Divorce by itself does not have a direct effect on anyone’s creditworthiness. That is, your credit score does not increase or decrease simply because you have ended your marriage. There may be some related credit benefits to divorcing your spouse, however.
Building your own credit
You and your spouse may have been together for a long time. If so, your creditworthiness may have linked with your partner’s during your marriage. After your divorce, though, you have an opportunity to build separate credit. If you make payments on time, your credit score is apt to rise. This approach may be particularly important if you do not have much credit of your own.
Dividing marital debt
In Texas, married spouses jointly own marital assets. They also have an equal ownership interest in outstanding debts. Paying off and closing joint accounts is a good way to ensure that your soon-to-be ex-spouse does not harm your creditworthiness after your divorce concludes. Negotiating a settlement in during your divorce may be a good strategy for addressing marital debt.

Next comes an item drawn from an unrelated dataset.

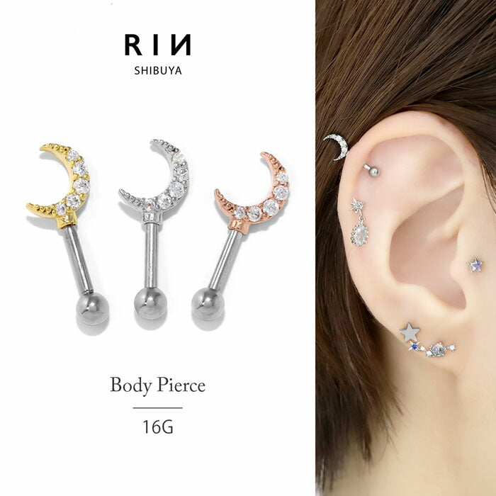 16G ボディピアス 軟骨ピアス アンテナヘリックス 月 ムーン 三日月 ジュエル ストレートバーベル 軟骨1413 t9192-106

Refinancing outstanding debt
If your divorce settlement separates the debt that you and your partner jointly own, you may want to explore refinancing. Doing so may remove the non-paying spouse’s name from the account. This ensures that you are no longer responsible for your ex-spouses’ financial actions. Not all creditors accept these arrangements, however.
In the lead-up to your divorce, you are likely to have a great deal on your mind. To build a solid financial foundation, you must think about your credit score. Fortunately, if you act diligently, the end of your marriage may be good for your creditworthiness.